Yes exactly Jud, we take them off and put them in the bag then on when you get to the next place. If its raining though when you take them off they will still be soaking when you put them back on again later.(And it still maybe raining)
Fulltimers or Longtermers in winter beware.

ps Its no good having a waterproof bag if the bleeding screens are fully waterproof :lol:


----------



## jud (Aug 15, 2009)

coppo said:


> jud said:
> 
> 
> > coppo said:
> ...


sorry paul don't know if that is intended as a joke or not .the waterproof bag is for storage to keep them dry.jud


----------



## coppo (May 27, 2009)

Sorry Jud, just my daft sense of humour.

What i am saying is you take them off wet in the morning, put them in the bag and put them on later when you have reached your destination, they are still wet. The bag just stops other things in the garage area from getting wet.
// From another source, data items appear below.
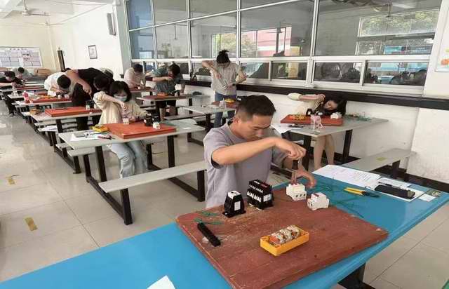 为落实新修订《中华人民共和国职业教育法》提出“职业学校教育与职业培训并举”,2023年6月4日,在高淳区人社局就业促进科领导的指导下,学校培训处和南京斯瑞奇医疗用品有限公司相互配合,完成对南京斯瑞奇医疗用品有限公司50名员工电工职业技能的认定,这是培训处首次与该公司合作。这次电工认定分高、中、初三个等级,认定考试为理论加技能。技能考试采用三种不同方式,其中初级电工认定技能考试采取笔试,中级电工技能考试采用实际操作考试,高级电工采用笔试加实际操作。
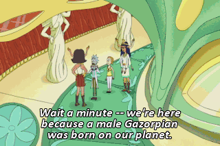 Wait a minute -- we're here because a male Gazorpian was born on our planet.
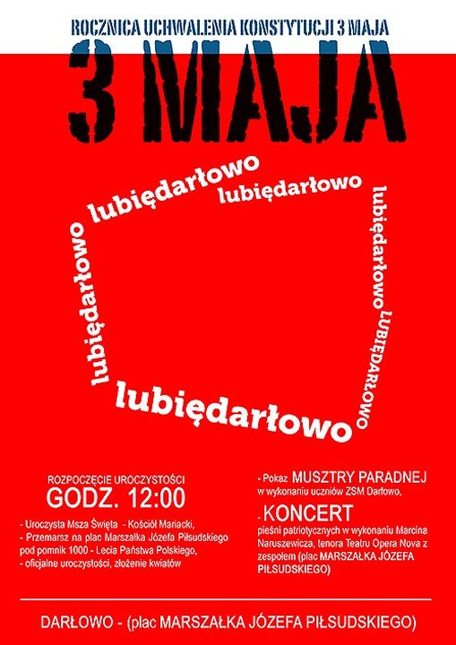 Dziś Rocznica Uchwalenia Konstytucji 3 Maja. Serdecznie zapraszamy do wspólnego świętowania. Oficjalne uroczystości rozpoczną się o godzinie 12:00 Mszą Świętą w Kościele Mariackim. Po niej, przemaszerujemy na Plac Marszałka Józefa Piłsudskiego, gdzie po oficjalnych przemówieniach, Salwie Honorowej - wystąpi po raz pierwszy w Darłowie - Zespół Szkół Morskich w Pokazie Musztry Paradnej. Na zakończenie coś dla ucha w narodowym klimacie - Koncert Pieśni Patriotycznych w wykonaniu tenora Teatru Opera Nova z Bydgoszczy Marcina Naruszewicza z zespołem. Zapraszamy.
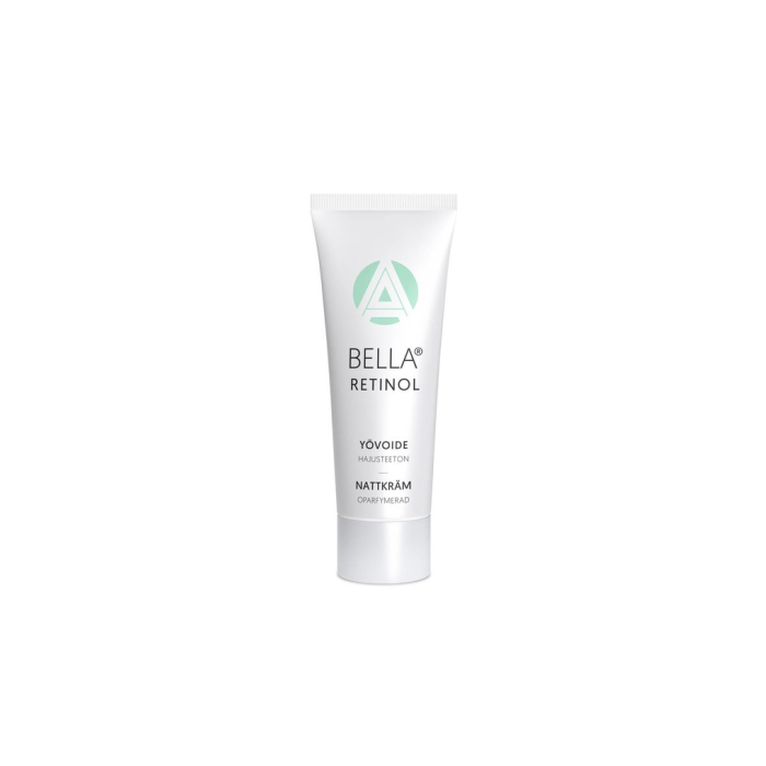 A-vitamiini auttaa silottamaan ryppyjä ja juonteita sekä vaikuttaa UV-säteilyn aiheuttamiin valovaurioihin häivyttäen iholäiskiä. Bella sisältää A-vitamiinia. Yövoiteen voidepohjan mango-, maapähkinä-, jojoba- ja riisinleseöljy hoitavat ihoa tehokkaasti. A-, E- ja C-vitamiinit säilyttävät ja tukevat ihon nuorekkuutta ja notkeutta. Hyaloronihappo tehostaa ihon kosteudensitomiskykyä.
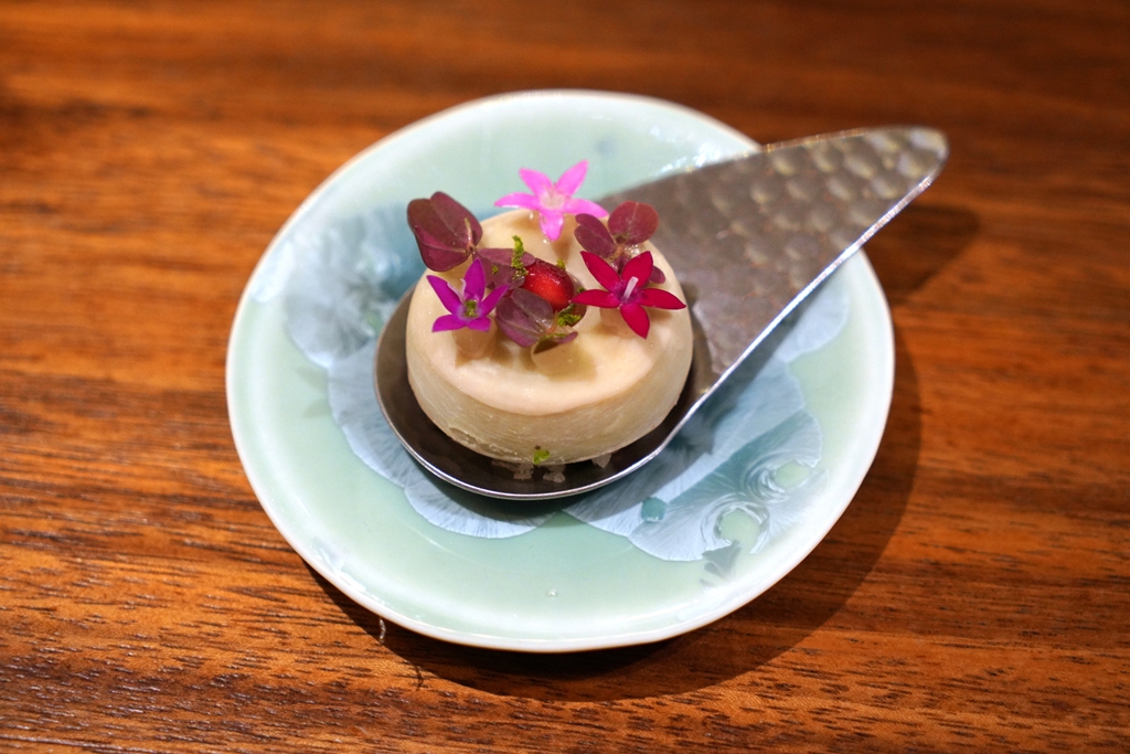 10th course : Hibiscus Spiced Gujiya [17/20] – เมนูล้างปากก่อนเข้าเมนคอร์สที่เป็นไวท์ช็อกโกแลตสอดไส้น้ำดอกชบาและป็อปปิ้งแคนดี้ที่แตกโพละสดชื่นเต็มปาก
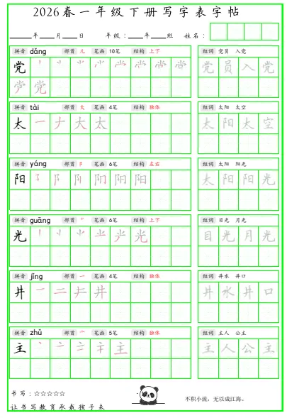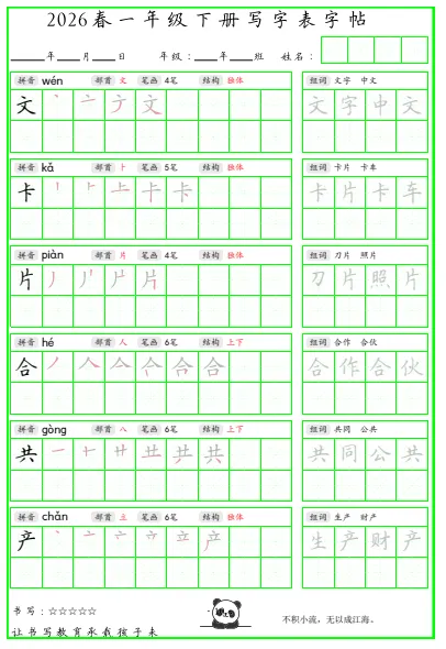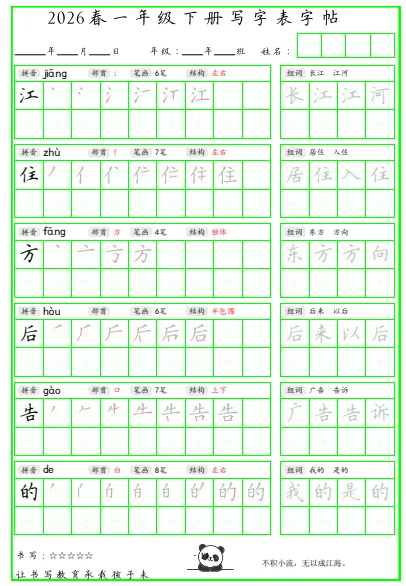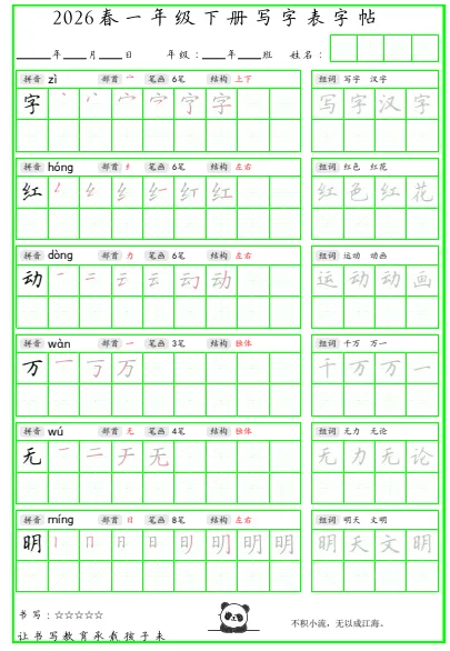 今天给大家分享的是写字表组词脱格护眼字帖26年下册

Silver Screens likened them to winter coat, saying you wouldn't leave a coat on all the time without drying it out.

Paul.


----------



## jud (Aug 15, 2009)

coppo said:


> Sorry Jud, just my daft sense of humour.
> 
> What i am saying is you take them off wet in the morning, put them in the bag and put them on later when you have reached your destination, they are still wet. The bag just stops other things in the garage area from getting wet.
> 
> ...


o.k cheers paul i understand now.jud


----------